Прохожих в этот совсем поздний час навстречу Гелию не попадалось, а на водителей редких машин он производил впечатление гуляки, вусмерть надравшегося и окончательно потерявшего человеческий облик.
Случайная такая опора, то есть деревце, показалась притихшему его сознанию бывшей новогодней елкой, осыпавшейся, тщедушной, выкинутой за ненадобностью из теплого помещения в снег, на мороз, а теперь вот после изумительного триумфа прелестной разнаряженности и недели всеобщего поклонения жалко вот тут прозябающей в обрывках мишуры, в сирых блесточках, в мертвых, не тающих, ватных снежиночках, заставляя леденеть задумчивое сердце чувствительного наблюдателя, поскольку от образа подобной выброшенности и от такого бездарного прозябания полезного растения веет стужей непостижимо абсурдного, капризного людского бездушия…
Пьян он не был совсем. Наоборот, все с ним случившееся сообщило на короткий срок его существу, особенно сознанию, состояние свободного самоуглубления и отрешенности от видимого мира.
А ведь бывало его выводили из себя светские разговоры о состояниях, которые, как утверждали знакомые кухонные мистики, достигаются лишь истинными юродивыми, людьми, умудренными кропотливым духовным самовоспитанием, да редчайшими на земле счастливцами, фактически птицами небесными.
Находясь в одном из подобных состояний, он стоял, словно на краю света, опершись о деревце и переступая с ноги на ногу. Стоял, то и дело поправляя рукавом пальто нависавшую над глазницей маски легендарную бровь из «кошки ужесточенной».
Состояние блаженной погруженности в странные, похожие на сны видения было не только вневременным лично для Гелия, но и никак не соотнесенным с ледяными фигурами его любимой формальной логики.
Эти видения казались ему своевольными играми вечно бодрствующей души с волшебным механизмом памяти мозга, так устающего от реальности, что наишачившийся разум проваливается ежесуточно, а то и чаще, чуть ли не на Тот Свет и дрыхнет где-то там без задних ног, набираясь свежих сил для перенесения всяческих перегрузок существования и дальнейших сношений с этой самой, совершенно непереносимой без перекуров, реальностью. А душа в это время резвится себе, играет, старается перетасовать попричудливей как близлежащие впечатления, так и все находящееся в самых укромных тайничках и чуланчиках памяти;должно быть, летает, мгновенно оборачиваясь, на Тот Свет, где нет Времени, за кое-чем совсем тобой забытым; бывает, что случайно прихватывает оттуда кое-что вовсе и не твое, которое наяву ошибочно кажется никогда не существовавшим; что-то складывает из всего этого добра Душа, а то и сама завороженно наблюдает за своевольным саморазвитием невероятных и бесподобных видений в ночном течении наших снов.

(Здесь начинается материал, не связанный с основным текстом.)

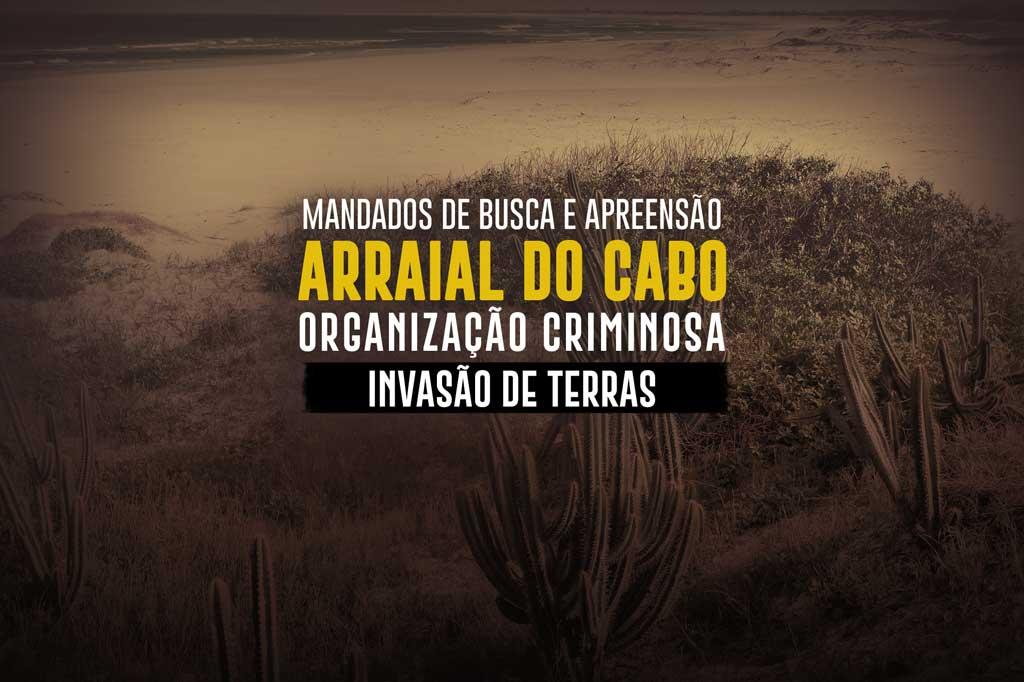O Ministério Público do Estado do Rio de Janeiro (MPRJ), por meio da Promotoria de Justiça de Arraial do Cabo, em parceria com a 132ª DP, realizou nesta quarta-feira (07/10) a operação “Máquina de Rapina”, para cumprir 10 mandados de busca e apreensão em endereços ligados a seis integrantes de uma organização criminosa responsável pelos crimes de invasão de terras, grilagem e estelionato. Dois dos denunciados, Mauro Cesar Gonçalves da Silva e Aluizo Mendes de Araújo, são funcionários da Prefeitura de Arraial do Cabo, e tiveram o afastamento da função pública decretado pela Vara Única do município, a pedido do MPRJ.
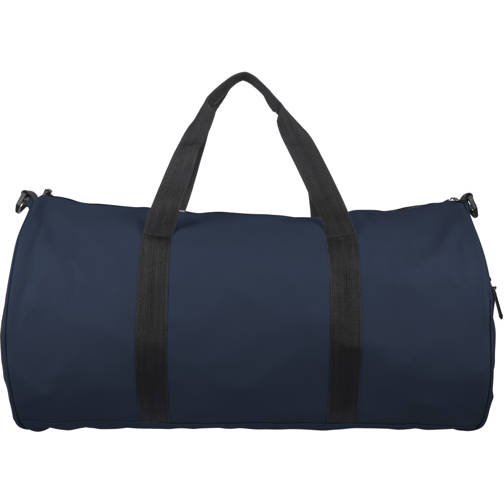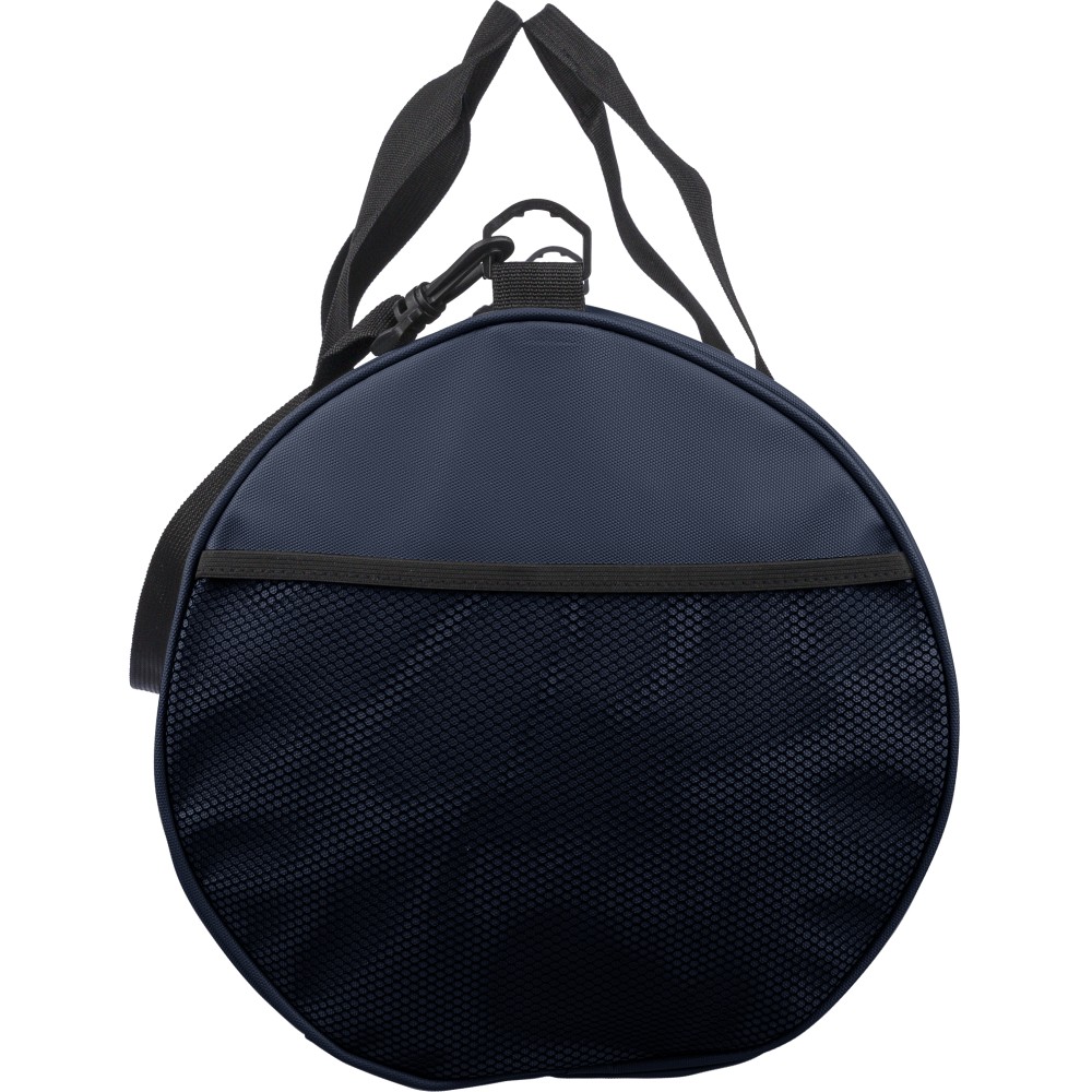 600D poliészterből készült rPET sporttáska 210D béléssel és vízlepergető PU bevonattal, 40 literes űrtartalommal. Elülső és oldalsó cipzáras zsebbel, hálós oldalzsebbel, két fogantyúval és állítható vállpánttal rendelkezik. Külső felületén rPET címkével ellátva. Emblémázás: Szitanyomás
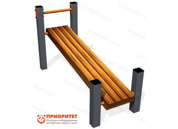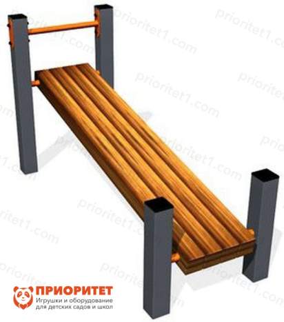 Скамья используется для развития мышц пресса. Пользоваться предметом можно в помещении и на открытом воздухе. Маленькие дети должны пользоваться скамьей под надзором тренера или родителей. Скамья выглядит, словно несколько бревен, приставленных друг к другу. Нестандартное оформление помогает конструкции иметь привлекательный и непривычный внешний вид, выделяет ее на площадке.
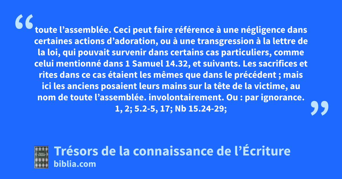 toute l’assemblée. Ceci peut faire référence à une négligence dans certaines actions d’adoration, ou à une transgression à la lettre de la loi, qui pouvait survenir dans certains cas particuliers, comme celui mentionné dans 1 Samuel 14.32, et suivants. Les sacrifices et rites dans ce cas étaient les mêmes que dans le précédent ; mais ici les anciens posaient leurs mains sur la tête de la victime, au nom de toute l’assemblée. involontairement. Ou : par ignorance. 1, 2; 5.2-5, 17; Nb 15.24-29; Jos 7.11, 24-26; 1Tm 1.13; Hé 10.26-29 se rendant ainsi coupable. 5.2-5, 17; 5.23; Esd 10.19; Os 5.15 1Co 11.27
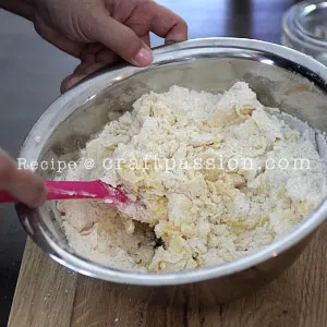 - Add the flour mixture into the butter mixture, mix again. Pour onto the tabletop, knead with your palms to form a dough.

Но сон есть сон, несмотря на непостижимость его состава и фантастичность фигур построения всего небывалого. И в мрачных перипетиях самого ужасного сна мы все же как-то ухитряемся выискать краешком обмирающего от ужаса сознания спасительную такую соломинку – чувство того, что все это, как бы то ни было, – сон… сон… сон… Да и в приятном, сказочном сновидении не обманемся мы насчет того, что явь, ждущая нас за его порогом, несравненно скромнее, скучнее, безрадостнее и строже.

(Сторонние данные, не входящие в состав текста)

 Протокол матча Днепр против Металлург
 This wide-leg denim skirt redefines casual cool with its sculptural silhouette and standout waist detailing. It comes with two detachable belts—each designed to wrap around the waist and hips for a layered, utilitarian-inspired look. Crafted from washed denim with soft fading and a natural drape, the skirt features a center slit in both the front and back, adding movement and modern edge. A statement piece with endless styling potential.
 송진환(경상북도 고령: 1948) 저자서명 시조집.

Одним словом, Гелий почувствовал, что эти его видения – не из области снов. Эта самая что ни на есть реальность Невидимого почему-то вдруг снизошла до некоторого объяснения с ним, ничтожнейшим из двуногих, и знаками, понятными слепому уму слабого человека, вновь намекнула на то, что Мироустройство надежно одухотворено. Что не только вселенский Космос, не только мизерная капелька земной тверди, но и затхленький пустырь чьей-либо заблудшей души есть частицы непостижимого Целого, пронизанные живыми силами неразрывных взаимодействий…
«…Более того, конечные тайны всего Сущего, возможно до неких сроков, так и останутся тайнами, раздражающими самозамкнутые умы, скажем, таких, как вы, Гелий Револьверыч, упырей, поскольку одухотворенно живая, неуничтожимая цельность Творения во всем видимом и невидимом – сверхочевидна.Она – истинно есть, но иметь человеческому уму ясное представление об образе ее, причинных силах и логике превращений одних настроений в другие – абсолютно невозможно. Думаете, котенок имеет представление о собственной внешности, несмотря на то что наличие ее у него – сверхочевидно? Бабочке или натуральному нарциссу тоже никак не свойственно реагировать по-дамски на свой внешний вид. Разве зеркальному карпу – помыслить о прекрасной формуле воды, да к тому же составить горькое суждение о причинах ее повсеместного отравления?»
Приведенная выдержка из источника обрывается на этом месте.